Konumum açık, editörüm burada. Gazetecilikte on yılı geride bıraktım. Hiçbir zaman geleceğime dair hayal kurma, kendime pozisyon belirleme lüksüm olmadı. Çok çalışmaktan başka kozum da yoktu. Bana verilen iş ne olursa olsun, en iyisini yapmaya çalıştım, yaptım da. Habertürk’ten ayrıldıktan sonra muhabirliğe veda etmeye kararlıydım. Yıkılıp yıkılıp yeniden ayağa kalkmaya gücüm kalmamıştı. O günlerde Çınar Oskay’dan teklif geldi. Başlangıçta ailem, arkadaşlarım, herkes yadırgadı, ben de dahil. Ama o his hala duruyor; Cadde, yeni bir yol önümde. Ve bu yolu çok seviyorum. Evet, iyi bir muhabirdim fakat burada başka bir şey öğreniyorum; o da yayıncılık. Çınar Oskay, birlikte çalıştığım en yorucu, en mükemmeliyetçi yayın yönetmeni. Onun tutkusundan, geniş ufkundan çok şey öğreniyorum. İyi ki buradayım.

Hayatını yazıyla eşdeğer kılmış gazetecilere kimleri örnek verebilirsiniz? Kimleri dikkatli bir şekilde okuyorsunuz?
Örnek verebileceğim gazetecilerin hepsi toprak oldu. Zaten birini örnek alarak yapılacak bir iş değil bu. Gazetecilikte ancak çok isteyenler ve çok çalışanlar tutunabilir. Kimleri okuduğuma gelince… Hiçbir yazısını kaçırmadığım birçok yazar var. Çetin Altan, Ertuğrul Özkök, Hasan Cemal, Mehmet Y. Yılmaz, Ahmet Hakan, Fatih Altaylı, Ece Temelkuran, Serdar Turgut, Ahmet Kekeç, Fehmi Koru, Ahmet Altan’ı mutlaka okurum. Ama en çok Yıldırım Türker’i severim.

Çalıştığınız medya kuruluşları içinde en çok nerede huzurlu oldunuz?
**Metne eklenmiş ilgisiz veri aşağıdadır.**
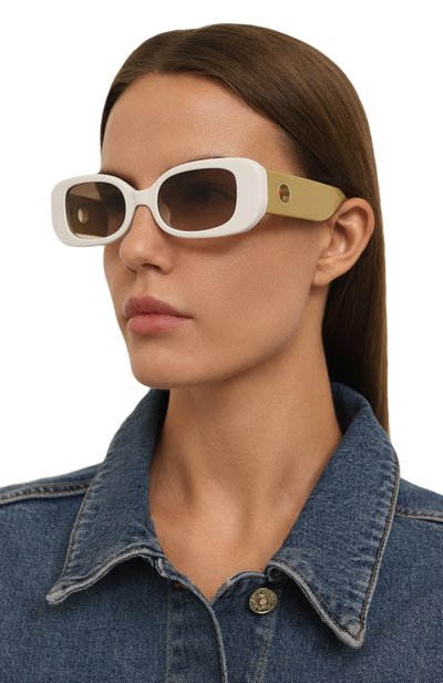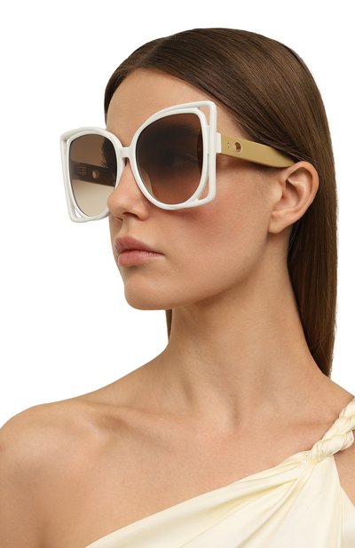 Для создания белых солнцезащитных очков формы cat eye мастера марки использовали прочный ацетат, отполированный до глянцевого блеска. Фигурные широкие дужки на несколько тонов темнее украсили крупными брендированными люверсами, покрытыми 22-каратным золотом. Градиентные линзы оттенка мокко на 100% блокируют УФ-лучи и не искажают цветопередачу.

Huzur sözcüğü sizde neler çağrıştırıyor?
‘Huzur’ sözcüğü, sadece ailemi, yeğenlerimi çağrıştırıyor. İşyerinde huzur aramıyorum artık. İçiniz rahat değilse, New York Times’a gitseniz kaç yazar! Huzurun, insanın içinde olduğunu anlamam on yılımı aldı. Yine de en çok Milliyet’te mutlu oldum, işime odaklandım. O ödülleri bu çatının altındayken kazanmamın nedeni de bu sanırım.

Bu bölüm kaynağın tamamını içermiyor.